Sales development primarily focuses on setting qualified appointments and demonstrations – these are top of funnel leads. These leads usually (in a perfect world) come from marketing’s inbound and outbound efforts. And if done correctly, sales should know where they came from and exactly how to nurture them. But when sales lacks the information about where a lead came from, how they came in and what offer they raised their hand to, scheduling these appointments and pushing them through the funnel becomes increasingly more difficult.

When marketing and sales work together, your chances of success get exponentially more promising.

Here are 4 problems sales development reps face and how marketing and sales’ unification can prevent them from happening:

  1. You’re not reaching out to the right people

According to Lattice Engines, 42% of sales reps feel they do not have the right information before making a sales call.  That basically means sales reps are flying in blind and the chances of that rep being successful are not high with those odds…
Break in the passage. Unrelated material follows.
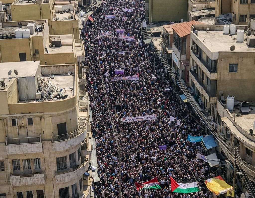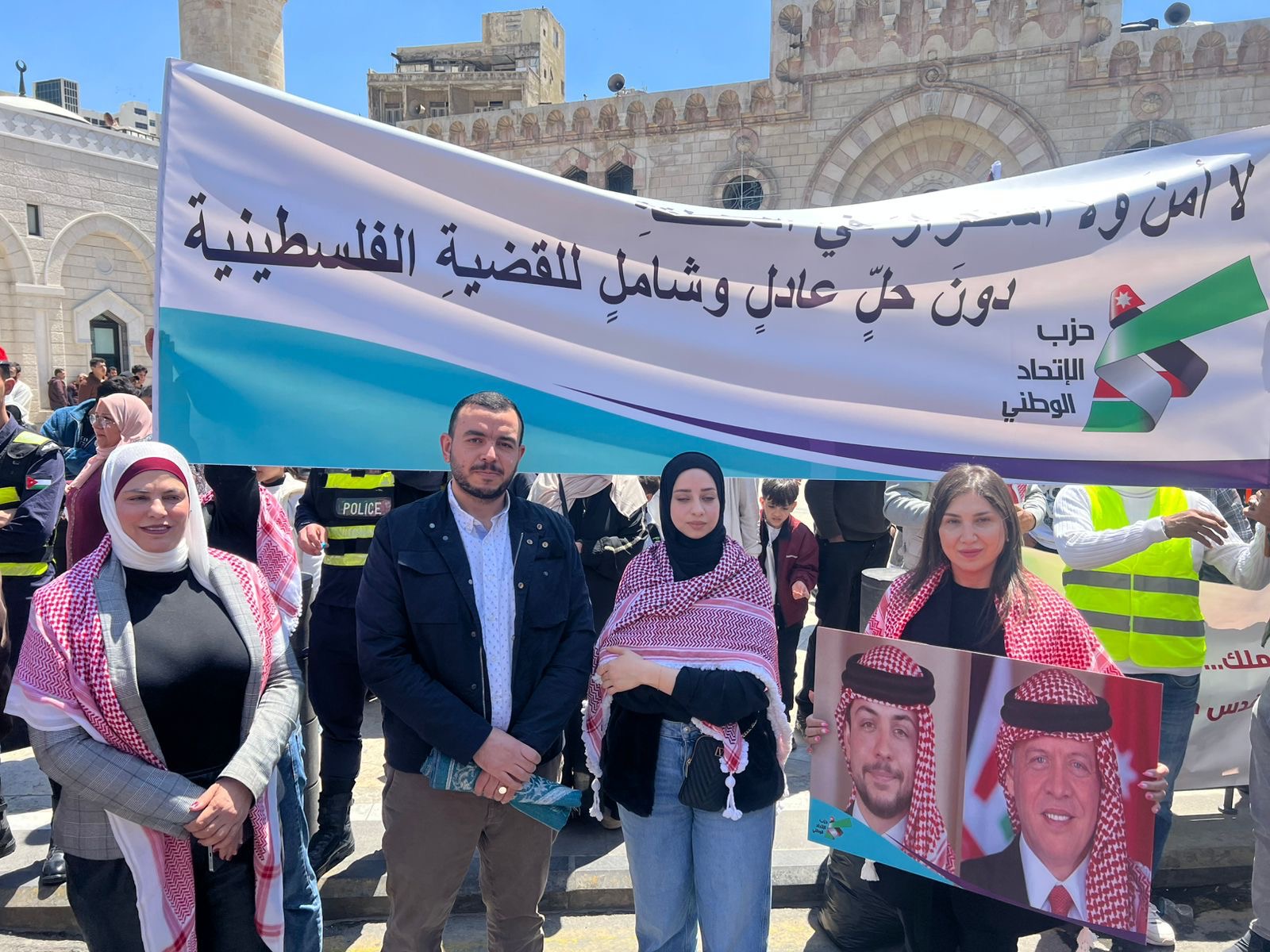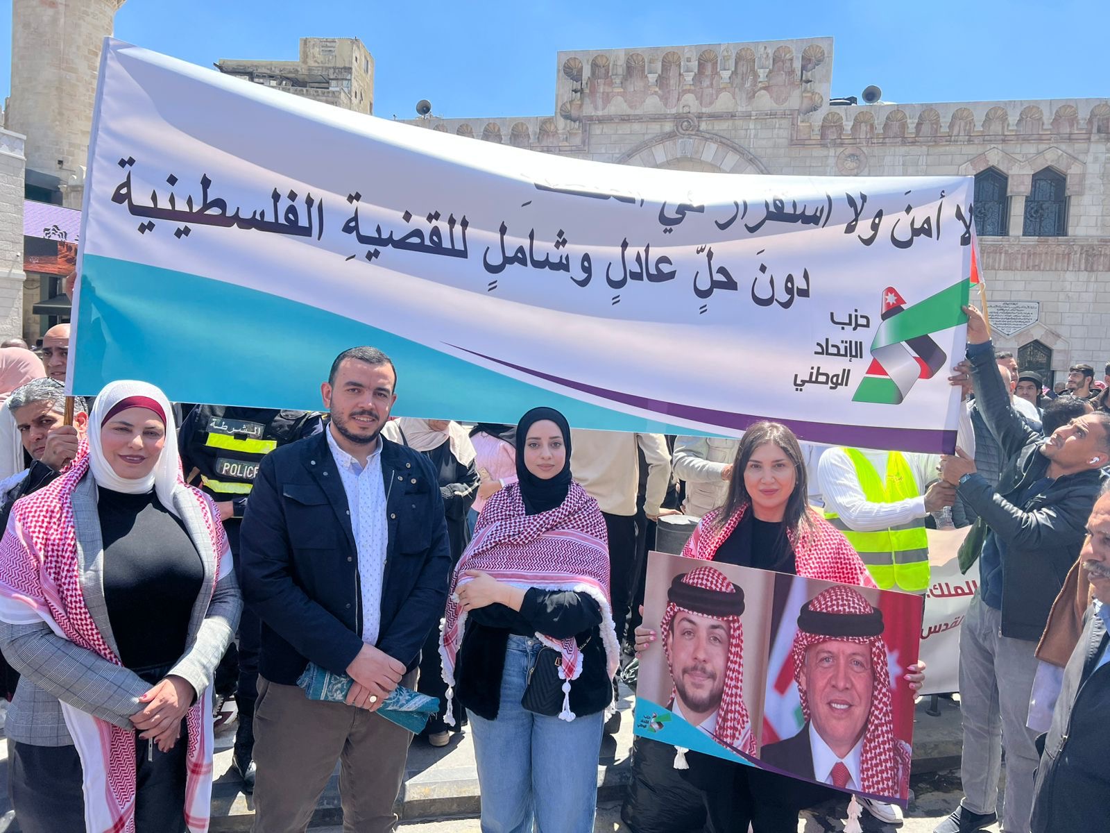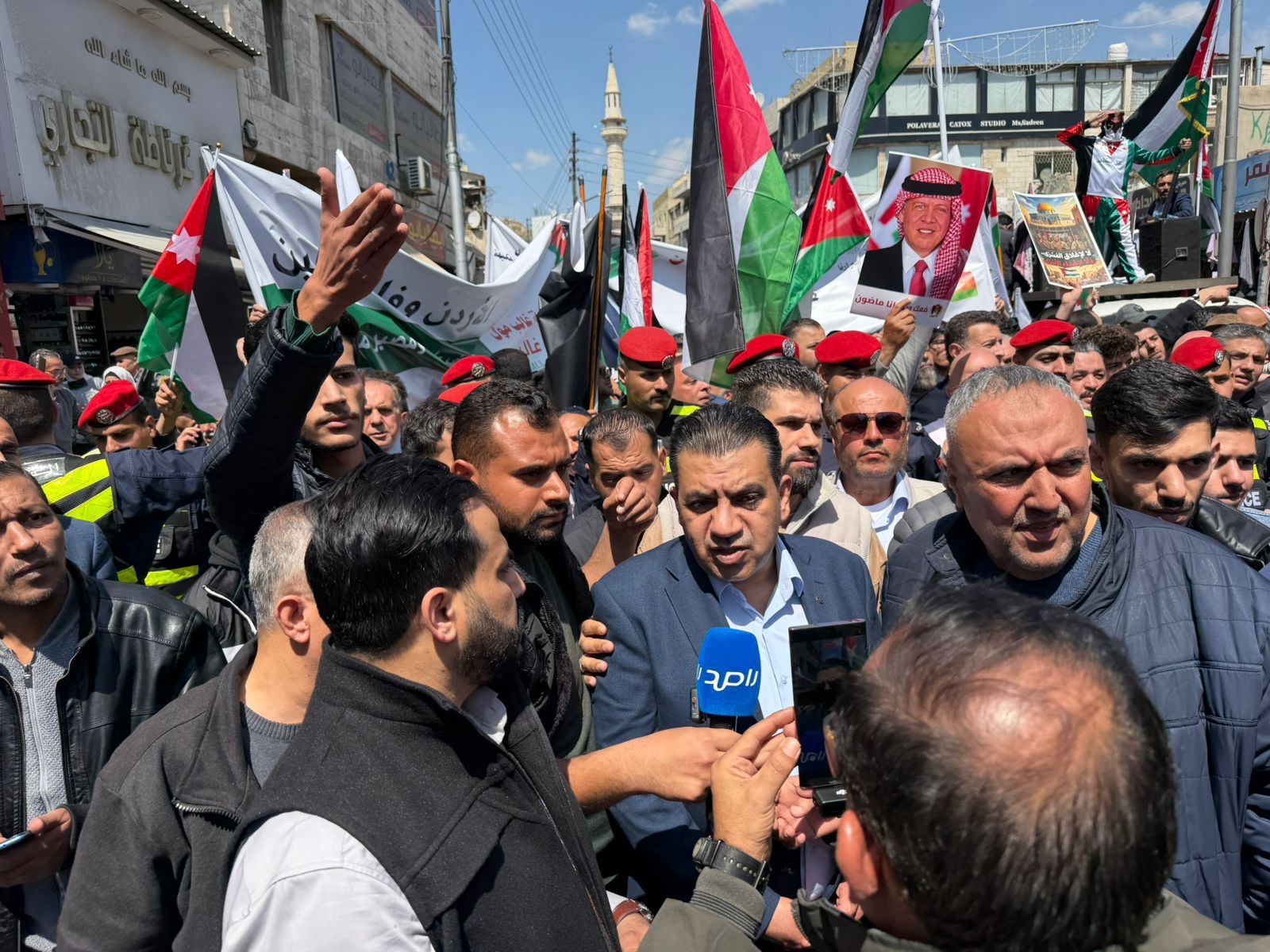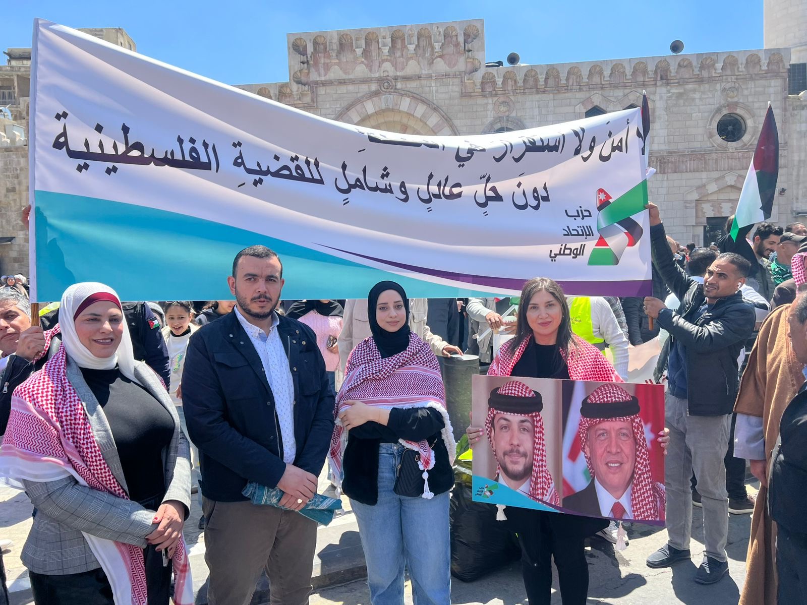 ورفع المشاركون خلال المسيرة شعارات تؤكد أن لا أمن ولا استقرار في المنطقة دون حل عادل وشامل للقضية الفلسطينية، في مشهد جسّد وحدة الموقف الشعبي والحزبي والوطني الأردني، ورسّخ رسالة واضحة بأن الأردن سيبقى ثابتًا في دعمه لفلسطين، وفي رفضه لكل مشاريع الاحتلال وعدوانه وتشريعاته الباطلة.

Solution:  When marketing hands off leads to sales, there should be some kind of handoff document or details included in the process – whether that’s automated in a tool or manually in teams. This should include details around where the lead came from, what the offer was about and how this offer relates back to the product/service/business.

  1. You don’t know who the decision maker is

Figuring out who actually has purchasing power these days can be a tricky feat. It’s not black and white like it used to be. Usually, it requires talking to a multitude of people before getting to the one that can make the decision. A study from Gartner stated: 4-5 people are involved in the B2B decision-making process, so that’s 4-5 different opinions on the same matter, and that makes the sale even more difficult.
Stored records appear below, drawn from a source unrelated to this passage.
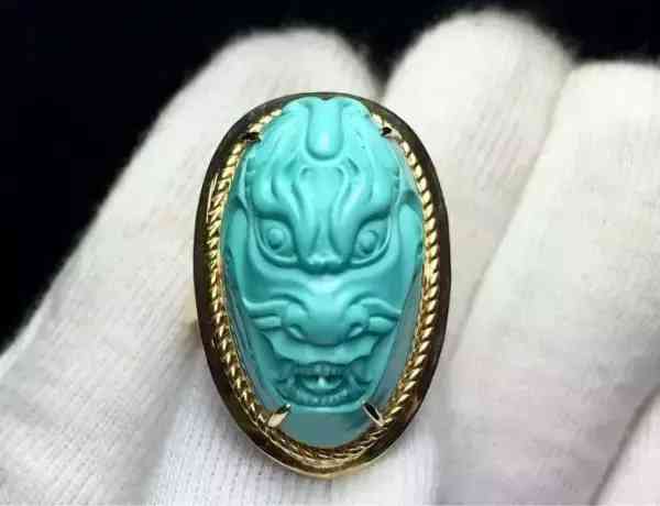 這種戒面一般都先看戒面的雕工如何,然后再看綠松的質(zhì)地,是否無暇、無裂痕等,接著就是看戒面和戒托的融合度。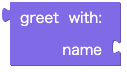 関数内部では、変数greetingに "Hello " + name を格納して、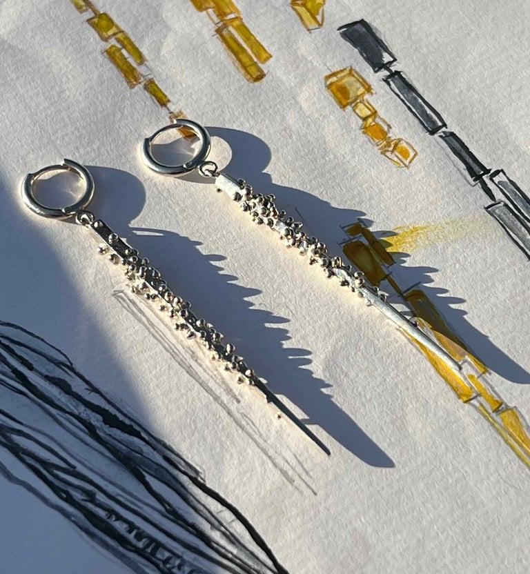 Since then, her craft has been about listening to materials, reading textures, letting them speak. Her journey began with sculpture, and that legacy remains: each jewel is a miniature sculpture meant to coexist with the body, to accompany it, not overpower it.

Solution:  Marketing owns both inbound and outbound leads to prime them for sales reach out. Before the reach out occurs, marketing and sales have to come together to establish who they’re targeting and what the potential buying titles are. If marketing and sales are left to outline these on their own, there will likely be inconsistencies between the two, leading to a messy and unsuccessful hand-off.

  1. The prospect is not ready to buy

As we all know, it usually requires a number of different touches before a prospect is ready to buy. But did you know that about 80% of prospects who eventually buy are originally marked as bad leads?  That’s a huge missed opportunity if those leads are forgotten about.

Solution:  In order to hand off leads that are closer to purchasing so SDRs can move the needle, the leads need to be pre-screened in the marketing nurture. There needs to be some kind of lead scoring system to help facilitate these efforts.

  1. Your competitor gets to them first

According to InsideSales, if you call a lead in the first five minutes after they’ve submitted a web form, they’re 100x more likely to get on the phone.  And the sooner you can get your prospect learning about your business’ needs before your competitors can get in, the better you’ll be. With this data, SDRs can schedule more appointments if all goes well.

Solution:  Design a reliable, scalable process to get lead information to the SDRs.  Whether it be an email, phone call, or message, someone needs to be in charge of these requests. The handoff to SDRs should be seamless, easy and quick if you want to reach people at the right time. With a lead scoring model and the technology to back it up, this is manageable.

Even after all of the problems and solutions above, you will still lose some prospects along the funnel. That’s normal and expected. With the right tools and agreed upon understandings of how marketing and sales work together, you’ll create a well-oiled machine geared for success.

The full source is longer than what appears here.